How to do that in a world grown as close and mutually involved as it is today is a conundrum. It’s made harder by every pious call for an ill-defined “unity” that sounds good, from an emotional standpoint, but in reality is pretty much all about giving up liberties and rights.
This project, the human world has not been faced with before. Even 110 years ago, when World War I started, there was a lot of dry land remaining unclaimed for defended nationhood: land administered as colonies, but not organized and operated for diverse nations. Now every square inch has been claimed, or interest in it formally declared (e.g., at the poles) in ways recognizable to Westphalians. There’s no more walking a scattering tribe into a vast area guarded only by a handful of Brits asleep at a sentry post.
Yet people after people rejects the enterprise of “globalism.” No one wants the visionaries of globalism informing him that his life will be lived inside 600 square feet in a high-rise, owning nothing and spending his outdoor time in carefully delineated spaces with dozens or hundreds of other people, having no effect and expecting no other future.
In a sense, America electing Donald Trump was a blow for scattering in place, to restore the rights and liberties of nationhood, and decriminalize diverse languages.

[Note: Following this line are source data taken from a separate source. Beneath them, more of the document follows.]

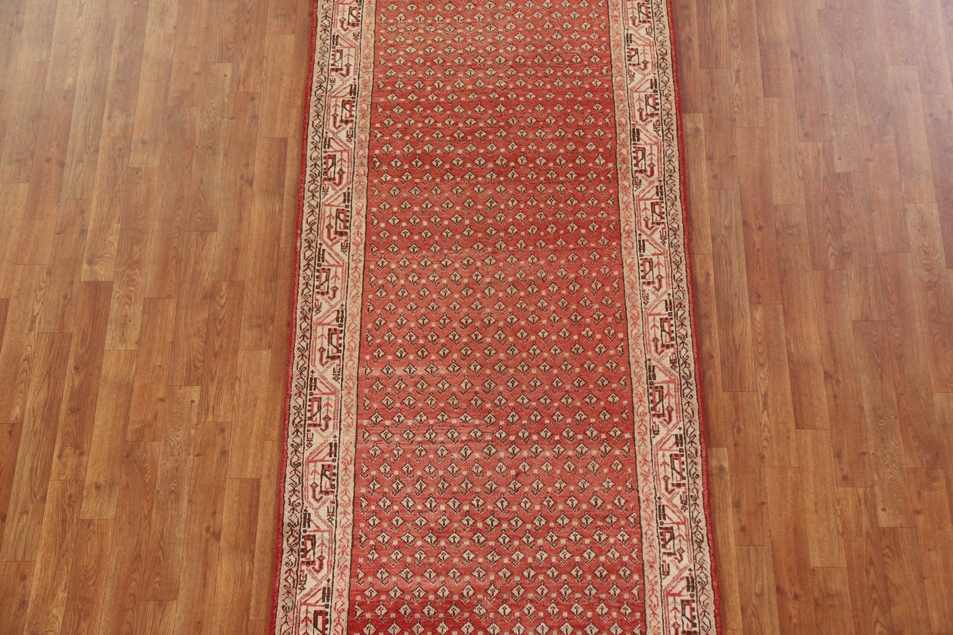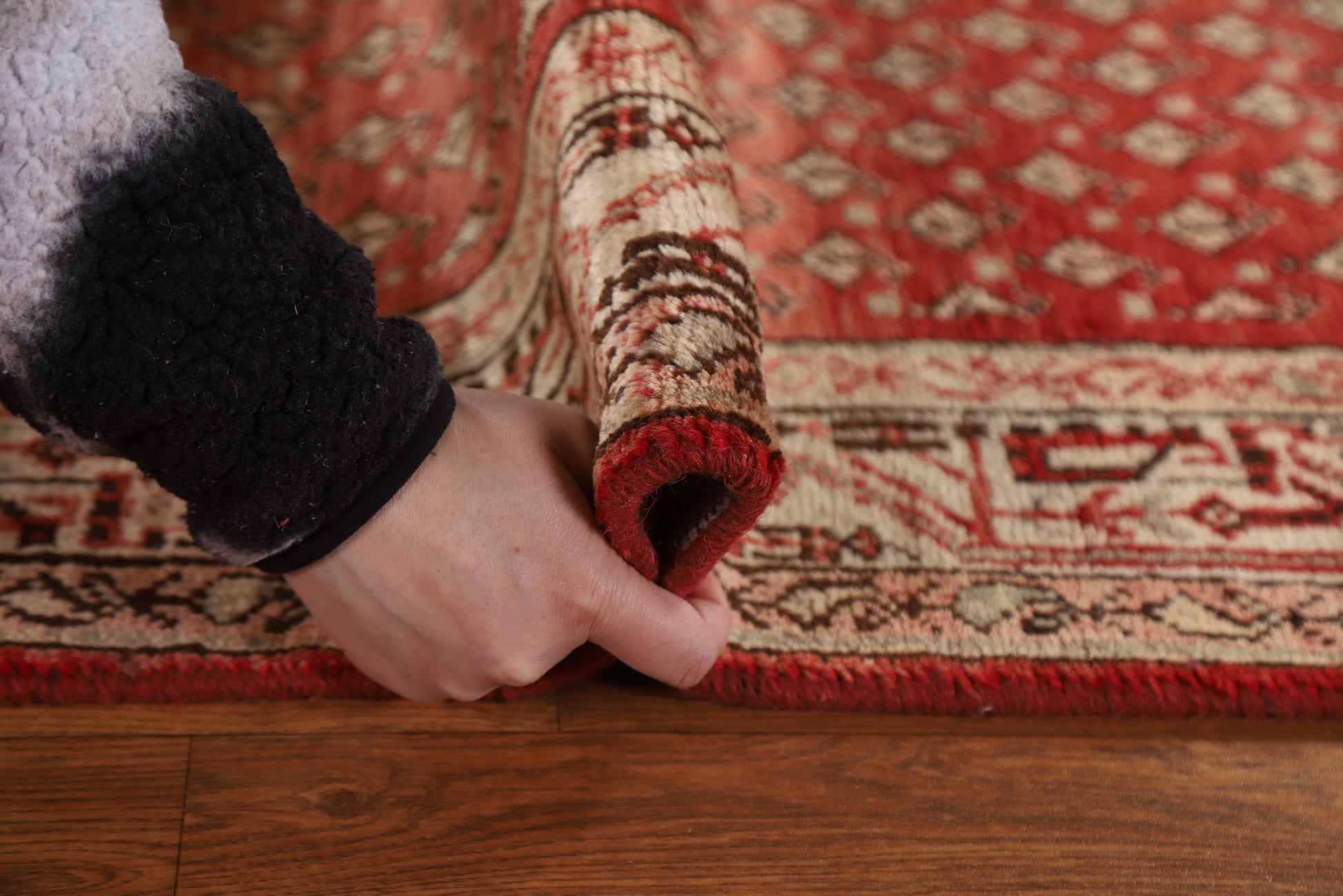 A Beautiful Genuine Persia ( Persia ) Botemir rug is Hand Knotted by skillful weavers in Persia ( Persia ) with 100% Wool Material. This rug is in Very Good condition. dimensions are 10' 0'' X 3' 5'' in foot and 305 X 104 in centimeter. the primary color is Red.
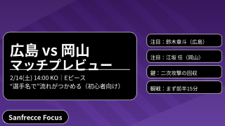 【マッチプレビュー】サンフレッチェ広島 vs ファジアーノ岡山(2/14)|注目選手と見どころを初心者向けに整理
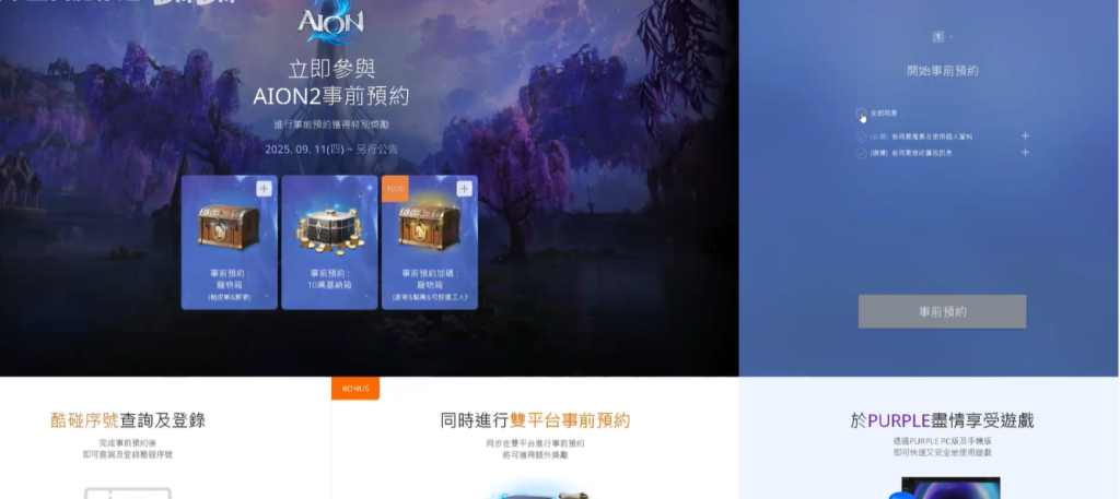 登录成功点击事先预约活动选项,在页面右侧勾选所有协议,然后点击完成事前预约。这样就能获得预约奖励的CDK,待游戏正式上线后直接兑换即可。
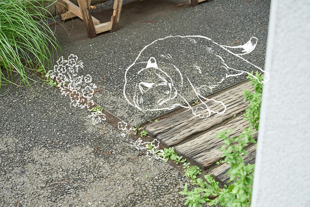 また、新たにパーゴラ(*1)を設け、緑豊かな庭を屋内と屋外の中間領域にして、建物から通路へのグラデーションをなめらかにしています。他にも、室内床と外構に同じ板材や仕上げを採用することで、内外に連続性を持たせるといった工夫をしています。
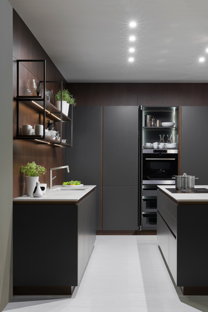 sú v tejto zostave dômyselne schované za zasúvacími dverami, a preto nenarúšajú minimalistický vzhľad kuchyne.
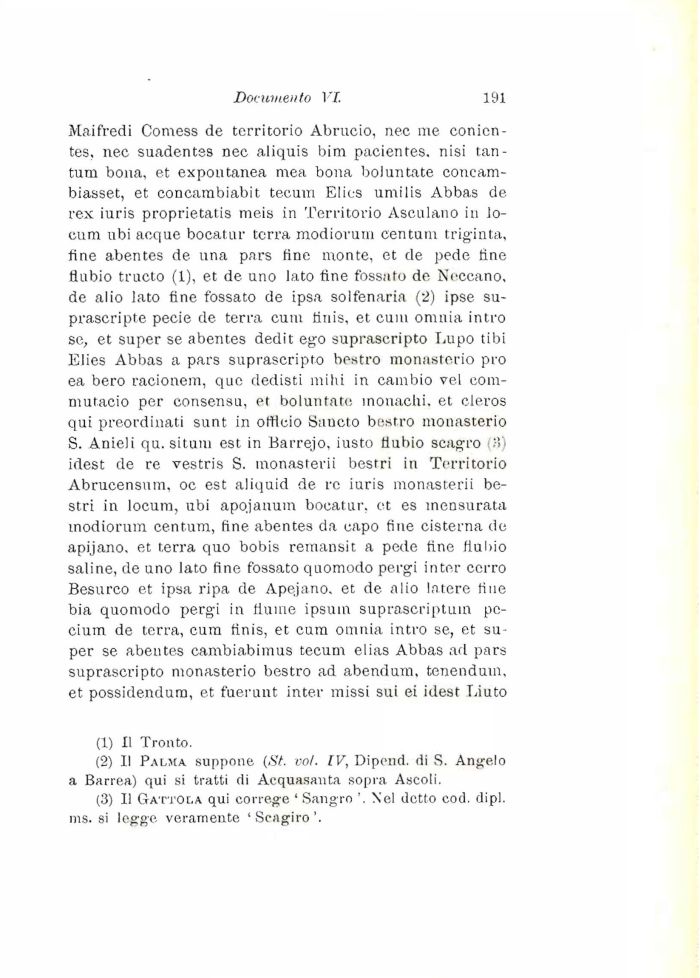 Maifredi Comess de territorio Abrucio, nec me conien-tes, nec suadentes nec aliquis bim pacientes. nisi tantum bona, et expoutanea mea bona boi un tate concam-biasset, et concambiabit tecum Elies umilis Abbas de rex iuris proprietatis meis in Territorio Ascalano in lo-cum ubi acque bocatur terra modiorum centum triginta, fine abentes de una pars fine monte, et de pede fine flubio tructo (1), et de uno lato fine fossato de Meccano, de alio lato fine fossato de ipsa solfenaria (2) ipse su-prascripte pecie de terra cum finis, et cani omnia intro se, et super se abentes dedit ego suprascripto Lupo tibi Elies Abbas a pars suprascripto bestro monasterio pṛ ea bero racionem, que dedisti mihi in cambio vel com-mutacio per consensu, et boluntate monachi, et cleros qui preordinati sunt in officio Sancto bestro monasterio S. Anieli qu. situili est in Barrejo. iusto tlubio scagro .'!) idest de re vestris S. monasteri bestri in Territorio Abrucensum, oc est aliquid de re iuris monasterii bestri in locutn, ubi apo.janum bocatur, et es inensurata modiorum centum, fine abentes da capo fine cisterna de apijano, et terra quo bobis remansit a pede fine fiubio saline, de uno lato fine fossato quomodo pergi inter ccrro Besurco et ipsa ripa de Apeja.no, et de alio latere fine bia quomodo pergi in fiume ipsum suprascriptuin pc-cium de terra, cum finis, et cum omnia intro se, et super se abentes cambiabimus tecum elias Abbas ad pars suprascripto monasterio bestro ad abendum, tenendum, et possidendum, et fuerunt inter missi sui ei idest làuto

The effect of triumphing over the ideological juggernaut – a goal not yet achieved – is that of winning a war. It settles a question, at least for a time, of how we will live on the lands where we find ourselves.

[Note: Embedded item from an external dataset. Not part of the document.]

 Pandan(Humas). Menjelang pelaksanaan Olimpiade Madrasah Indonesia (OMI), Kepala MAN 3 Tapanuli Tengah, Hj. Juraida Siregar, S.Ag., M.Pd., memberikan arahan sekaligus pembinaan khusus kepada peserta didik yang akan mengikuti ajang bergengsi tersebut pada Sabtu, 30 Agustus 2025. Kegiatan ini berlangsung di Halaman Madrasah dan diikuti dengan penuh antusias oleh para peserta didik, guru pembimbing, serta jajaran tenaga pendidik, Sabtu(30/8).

There’s also a sense in which winning hybrid war has to be an enterprise of not-war, and defeating a juggernaut ideology has to be an enterprise of not-ideology. That doesn’t mean competing ideologies aren’t useful as thinking tools. Ideology is about application to life, and some measure of it is always necessary. (There’s no Second Amendment, for example, without an ideology of meanings inherent in the Bible to make defense of life a God-given right for the individual.)
But requiring human activities to unfold in an ideological template that sets up competition with other ideologies takes on a life of its own, and becomes, in effect, a supreme juggernaut.
Donald Trump’s appeal to his supporters starts and persists outside that juggernaut. It does the opposite of demand that humans come to it with the ideology mindset.
This is a very, very strange place to be waging what is, in effect, a war to set the course of our future. But it’s the war that we are in. We might see the progression as the Cold War having been a war between ideologies, and the war today as a war against ideology – at the moment, that of wokeism – as a false scripture, or a false narrative of meaning and existence, trying to deny us other ways of seeing.
What we must be particularly careful about, as much as if not more than what we believe and prioritize, is perceiving when we have to shed blood over it. I see the scattering in place as a timeout for just that purpose. It’s for us to get our minds and hearts un-seared from the tolerance of perpetual war, and reclaim the truth that that is the torch we were supposed to catch, all those years ago, from the Dead in Flanders fields.
I’ve left both the 2022 and the 2021 essays in place, because the comparison of thought across these few years seems to me significant enough to feature all of it. Please read as little or as much as you would like. There’s an inspiring musical offering at the end.
It feels like we are passing through a singularity in time because we are. I don’t know that we’d agree today that “war,” as Heraclitus said, “is the father of all, and the king of all.” But I think we’d agree that war is the companion of all. The difference is that we can choose whether to be born of it, and ruled by it.
For respect and honor of our citizen-warriors, slow to arms but mighty in battle, may we understand this task well, and choose wisely.